UNITED STATES of America, Respondent-Appellee,
v.
Raymond Harrington COSSEY, Petitioner-Appellant.

No. 46.

Docket 32226.

United States Court of Appeals Second Circuit.

Argued September 20, 1968.

Decided October 10, 1968.

Phylis Skloot Bamberger, New York City (Anthony F. Marra, New York City, on the brief), for petitioner-appellant.

Jerome C. Ditore, Asst. U. S. Atty. (Joseph P. Hoey, U. S. Atty., Eastern District of New York, on the brief), for respondent-appellee.

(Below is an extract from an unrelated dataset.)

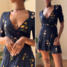 Reformation Navy Floral Wrap Mini Dress, Small
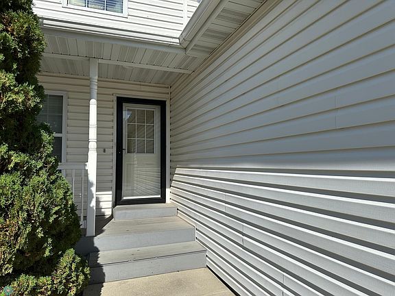South Fargo 2-story, 3 bed, 3 bath twin home. The main floor features vaulted ceilings, a semi-open layout, and a primary bedroom with a private full bath, walk-in closet, and additional closet. Convenient laundry room and half bath are also located on the main level. Upstairs offers two additional bedrooms and a full bathroom. The unfinished basement includes an egress window and is ready for future expansion. Exterior highlights include a double-stall attached garage, fully fenced yard, patio, and ample green space. Home is being sold as-is and is priced to reflect updates needed. A great opportunity to build equity in a desirable location.

Before MOORE, FRIENDLY and FEINBERG, Circuit Judges.

PER CURIAM:

1

Raymond Cossey appeals from an order denying after a hearing a motion for a writ of Error Coram Nobis, 28 U.S.C. § 1651, to vacate a judgment of conviction entered in 1944, Galston, District Judge, Appellant was sentenced to two-and-one-half years in prison for failure to report for induction into the armed services and has served his sentence.

2

Appellant's sole testimony at the hearing was his own. He stated that he had no recollection of being advised of his right to counsel at arraignment, nor of his right to plead "not guilty." He remembers, upon entering a plea of "guilty," writing a note to Judge Galston asking for leniency at sentencing and, relying thereon, foregoing his right to allocution. He avers further that he had no counsel at sentencing and did not knowingly waive this right.

3

Against this testimony, the Government offered the official records of the court for June 5, 1944, which indicated rather clearly that appellant had been advised of his various rights and that he had waived these rights. Oral testimony by a deputy clerk of the district court, who had been a court crier in the court in 1944, corroborated the fact that it had been Judge Galston's practice to advise defendants of their right to counsel or assigned counsel.

4

Judge Mishler, at the conclusion of the hearing, found that appellant had been advised of his right to counsel or to assigned counsel, that he had understood that he had such a right, that he had knowingly waived the right and that the waiver continued through sentencing. He also found that the plea of guilty had been entered voluntarily, and that the right to allocution at sentencing had been waived voluntarily.

5

That portion of the appellant's argument which urges that waiver of counsel did not continue through sentencing is not relevant since appellant has served his time on the sentence. No purpose would be served now by a re-sentencing since appellant seeks only to be relieved of the stigma of the judgment of conviction. And in all his findings, Judge Mishler appears to have been thorough in the difficult task of evaluating the circumstances surrounding a conviction nearly a quarter of a century ago. He was certainly not clearly in error in his findings, and we affirm his order.

6

Possibly some means may be found through executive action or other governmental agency to relieve the appellant of any stigma of his conviction twenty-four years ago and any present consequences thereof. This is a matter which cannot be resolved by the courts in this proceeding. It would seem that appellant long since would have paid the penalty for his 1944 conviction and that potential employers should have the flexibility to evaluate the present situation in the light of the past history.